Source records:
[Start of section]

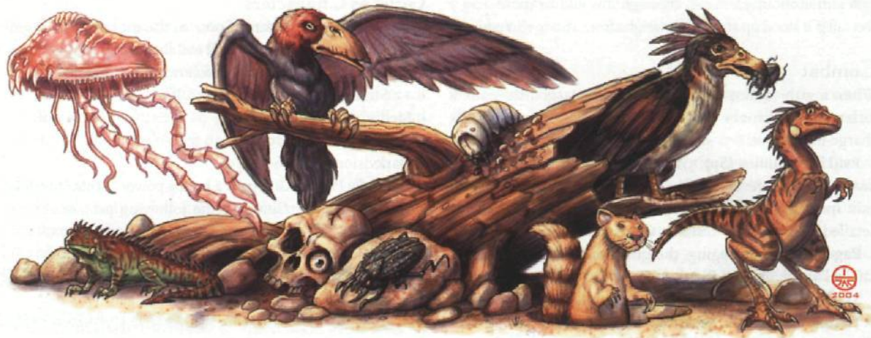
Familiars (left to right): Floater, Critic Lizard, Kes'trekel, Speckled Hurrum, Mulworm, Jankx, Ramphor, Z'tal.

psionic powers that are likewise soothing for creatures who keep them as pets.
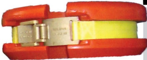
9-5/8" Thread Protector
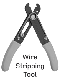
Wire Stripping Tool

For your convenience, Rovers North has pre-programmed your VDO speedometer with the "pulse" count off our test Defender. Due to variations in gearing and tire sizes, you should run the auto-calibration feature described below to get an accurate reading for your Defender. NOTE: This kit is designed for Defenders without an ECU.
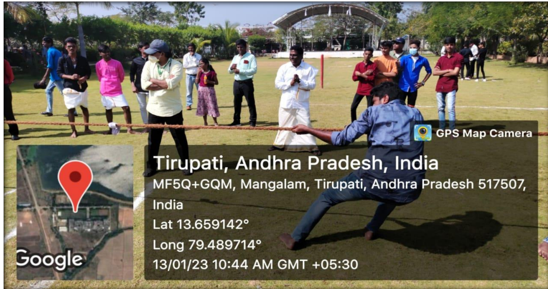
Tug of war competition on the occasion of Sankranthi festival in SREC, Tirupati
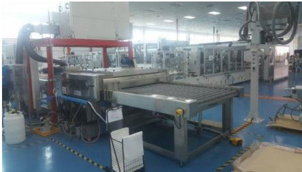
001. Glass Washing Machine- Triulzi, Model SY130.4.2.4

Based on the reference numbers above, photographs of the respective components of the Asset are as follows:
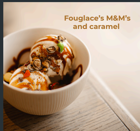
Fouglace's M&M's and caramel

La Muesli ( chocolate or red fruit coulis ) ( 2 scoops of yogurt, chocolate sauce or red fruits coulis, muesli )
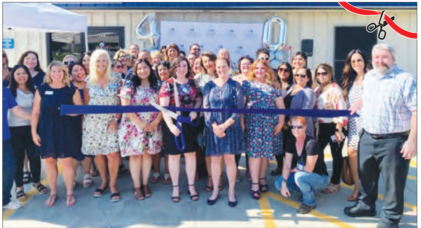
In celebration of Family Services of Tulare County's 40th Anniversary, the organization hosted a ribbon cutting at their new location at 744 E. Douglas Ave.
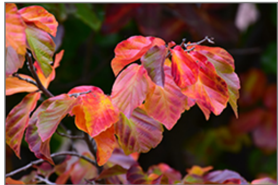
Persian Parrotia in fall
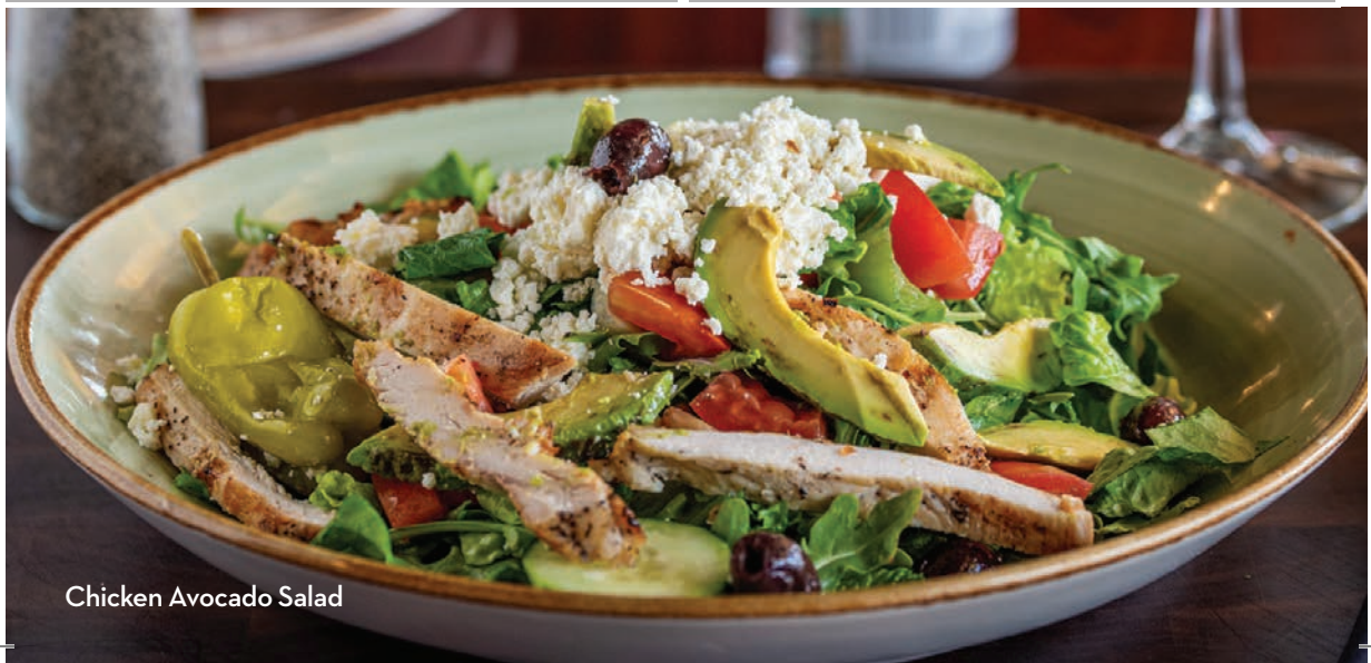
Chicken Avocado Salad
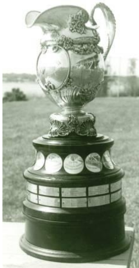
Bedford Pitcher 100 years old in 2005

The trophy base contains the names of many well known Star skippers, with room for more.
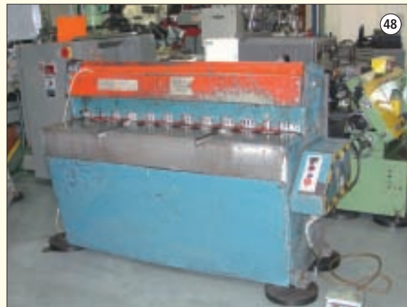
EDWARDS TRUECUT 2.5/1250DD: Power Guillotine. Capacity 1255mm x 2.5mm, with 2 Metre Squaring Arm.
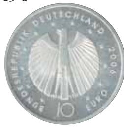
5270 15 €
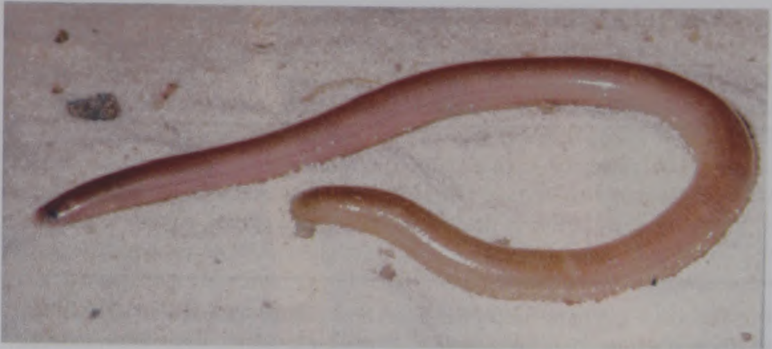
Figure 2. Typhlops amoipira (MZUSP 12299, paratype) from Ibiraba, State of Bahia, Brazil.
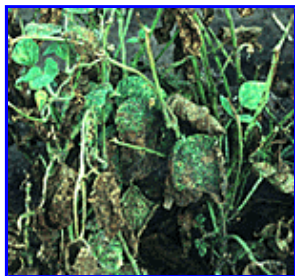
Figure 3. Severely infected bean plants (56K JPG).

white, red kidney and black beans. However, seed availability of rust-resistant pinto and great northern varieties may be limited. Also some rust-resistant varieties may be susceptible to other disease and insect pests.
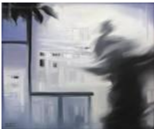
Tahereh Samadi Tari, Restless , 2008
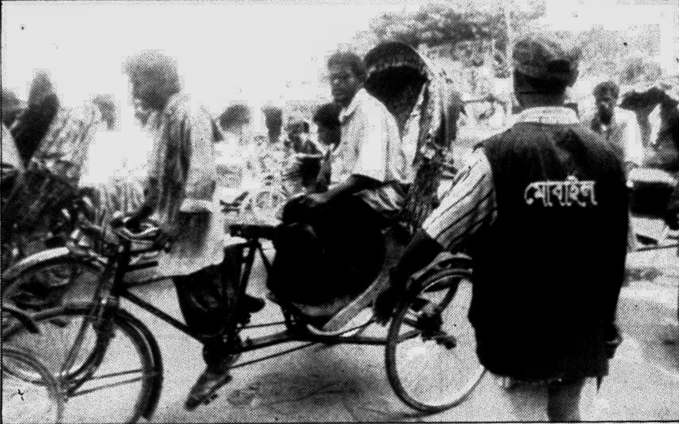
A private firm is now engaged in controlling traffic and collecting tolls from the drivers for parking vehicles in the city's Motijheel area. An employee of the firm is seen on duty.

The bodies have been sent to morgue for autopsy.
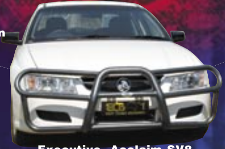
Executive, Acclaim SV8 and Standard Models - Silver Hammertone

The tubular construction of the Type 8 Bar contours perfectly to suit the VZ Commodores' aerodynamic styling. Manufactured from high tensile alloy with 63mm centre tubing, the Type 8 Bar provides optimum frontal protection in a tubular design of protection bar. The Type 8 Bar will accommodate driving lights and is available in a choice of finishes.
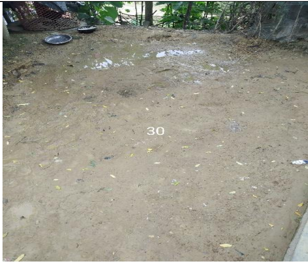
3. Block G-53
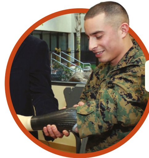
This man has a prosthetic arm.
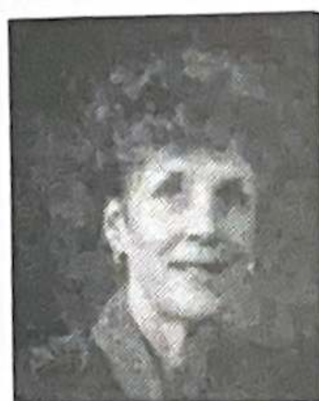
Ann Hodgson Hairstyles

I have been working with sound equipment within the community for the past three years. I would like to pursue a career in computer programming and sound.
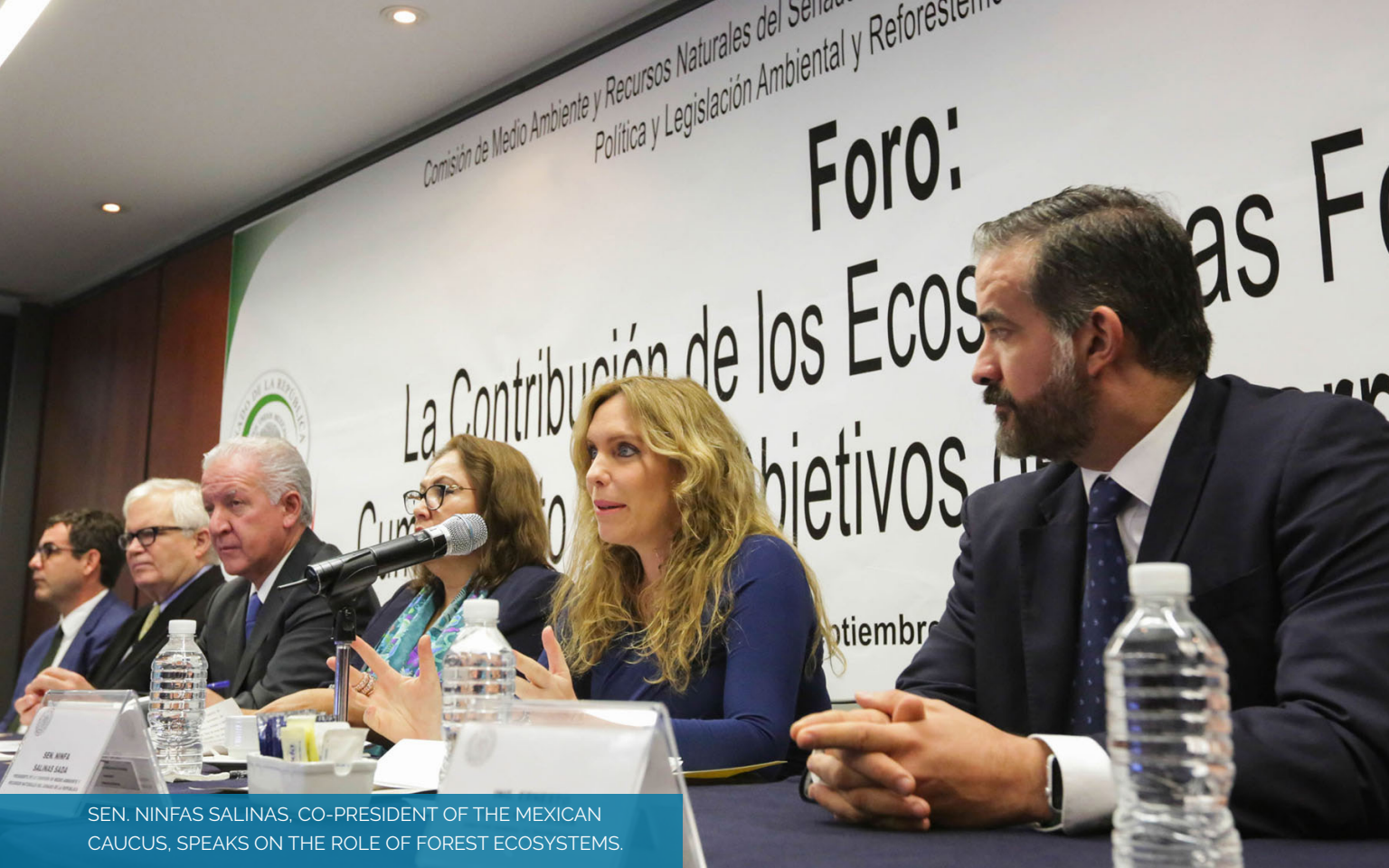
SEN. NINFAS SALINAS, CO-PRESIDENT OF THE MEXICAN CAUCUS, SPEAKS ON THE ROLE OF FOREST ECOSYSTEMS.
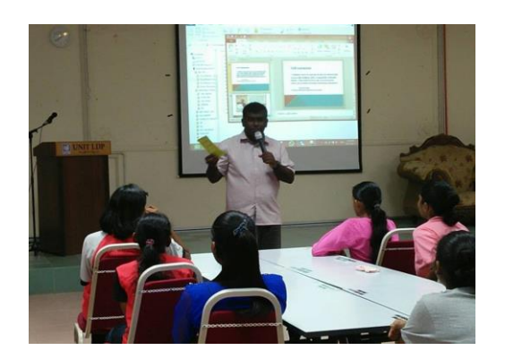
The News Presentation and Discussion

This slot is to bring forward the current issues and enlighten the participants about risks and dangers of the community. The main focus of this slot is to illuminate participants' on the threatening and risky occurrences which leads to their insecurity. Meanwhile, the participants also need to know what are the consequences of getting involved in unhealthy habits like gangsterism, vandalism, physical abuse, bully and other social ills. Each group was given a news and they need to explore it before presenting it in front of their friends and colleagues. After all the presentation, there was a conclusion session on highlighting the risks of the issues presented.
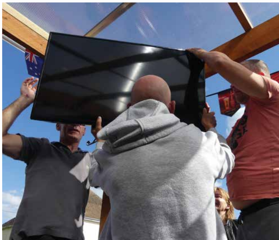
World Cup preparation at The Village Swan
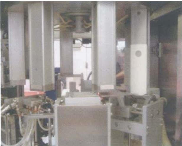
AB Paper carton form system
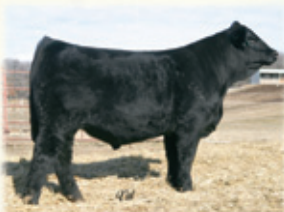
Triple C Bettis

The homozygous polled Designer Fashion is a full sister to Bettis, Singletary, Taylor and Sheer Design, a donor at Sanders Ranch (KS) and Sunset View Farms (KY). This Shear Force x Josie flush has generated as much revenue as any at Triple C. We all need to study our lessons here. Evaluate her genetic values as they are impressive. Evaluate her body make up, and you will find it equally impressive. It is hard to imagine that you could combine this much muscle and dimension in a sound structural, moderate framed, attractive package. Her cow family and genetics are as predictable as we can produce. This is why we spend sleepless nights and hours behind a computer in the cattle business so that we might produce cattle like Designer Fashion. We can only imagine how impressive her calf by Invasion will be. Top 1% of the breed for CE, Marbling, API and TI

[End of section]

Required action. Set down the records again verbatim, with no pictures.

Written answer.
Familiars (left to right): Floater, Critic Lizard, Kes'trekel, Speckled Hurrum, Mulworm, Jankx, Ramphor, Z'tal.

psionic powers that are likewise soothing for creatures who keep them as pets.
9-5/8" Thread Protector
Wire Stripping Tool

For your convenience, Rovers North has pre-programmed your VDO speedometer with the "pulse" count off our test Defender. Due to variations in gearing and tire sizes, you should run the auto-calibration feature described below to get an accurate reading for your Defender. NOTE: This kit is designed for Defenders without an ECU.
Tug of war competition on the occasion of Sankranthi festival in SREC, Tirupati
001. Glass Washing Machine- Triulzi, Model SY130.4.2.4

Based on the reference numbers above, photographs of the respective components of the Asset are as follows:
Fouglace's M&M's and caramel

La Muesli ( chocolate or red fruit coulis ) ( 2 scoops of yogurt, chocolate sauce or red fruits coulis, muesli )
In celebration of Family Services of Tulare County's 40th Anniversary, the organization hosted a ribbon cutting at their new location at 744 E. Douglas Ave.
Persian Parrotia in fall
Chicken Avocado Salad
Bedford Pitcher 100 years old in 2005

The trophy base contains the names of many well known Star skippers, with room for more.
EDWARDS TRUECUT 2.5/1250DD: Power Guillotine. Capacity 1255mm x 2.5mm, with 2 Metre Squaring Arm.
5270 15 €
Figure 2. Typhlops amoipira (MZUSP 12299, paratype) from Ibiraba, State of Bahia, Brazil.
Figure 3. Severely infected bean plants (56K JPG).

white, red kidney and black beans. However, seed availability of rust-resistant pinto and great northern varieties may be limited. Also some rust-resistant varieties may be susceptible to other disease and insect pests.
Tahereh Samadi Tari, Restless , 2008
A private firm is now engaged in controlling traffic and collecting tolls from the drivers for parking vehicles in the city's Motijheel area. An employee of the firm is seen on duty.

The bodies have been sent to morgue for autopsy.
Executive, Acclaim SV8 and Standard Models - Silver Hammertone

The tubular construction of the Type 8 Bar contours perfectly to suit the VZ Commodores' aerodynamic styling. Manufactured from high tensile alloy with 63mm centre tubing, the Type 8 Bar provides optimum frontal protection in a tubular design of protection bar. The Type 8 Bar will accommodate driving lights and is available in a choice of finishes.
3. Block G-53
This man has a prosthetic arm.
Ann Hodgson Hairstyles

I have been working with sound equipment within the community for the past three years. I would like to pursue a career in computer programming and sound.
SEN. NINFAS SALINAS, CO-PRESIDENT OF THE MEXICAN CAUCUS, SPEAKS ON THE ROLE OF FOREST ECOSYSTEMS.
The News Presentation and Discussion

This slot is to bring forward the current issues and enlighten the participants about risks and dangers of the community. The main focus of this slot is to illuminate participants' on the threatening and risky occurrences which leads to their insecurity. Meanwhile, the participants also need to know what are the consequences of getting involved in unhealthy habits like gangsterism, vandalism, physical abuse, bully and other social ills. Each group was given a news and they need to explore it before presenting it in front of their friends and colleagues. After all the presentation, there was a conclusion session on highlighting the risks of the issues presented.
World Cup preparation at The Village Swan
AB Paper carton form system
Triple C Bettis

The homozygous polled Designer Fashion is a full sister to Bettis, Singletary, Taylor and Sheer Design, a donor at Sanders Ranch (KS) and Sunset View Farms (KY). This Shear Force x Josie flush has generated as much revenue as any at Triple C. We all need to study our lessons here. Evaluate her genetic values as they are impressive. Evaluate her body make up, and you will find it equally impressive. It is hard to imagine that you could combine this much muscle and dimension in a sound structural, moderate framed, attractive package. Her cow family and genetics are as predictable as we can produce. This is why we spend sleepless nights and hours behind a computer in the cattle business so that we might produce cattle like Designer Fashion. We can only imagine how impressive her calf by Invasion will be. Top 1% of the breed for CE, Marbling, API and TI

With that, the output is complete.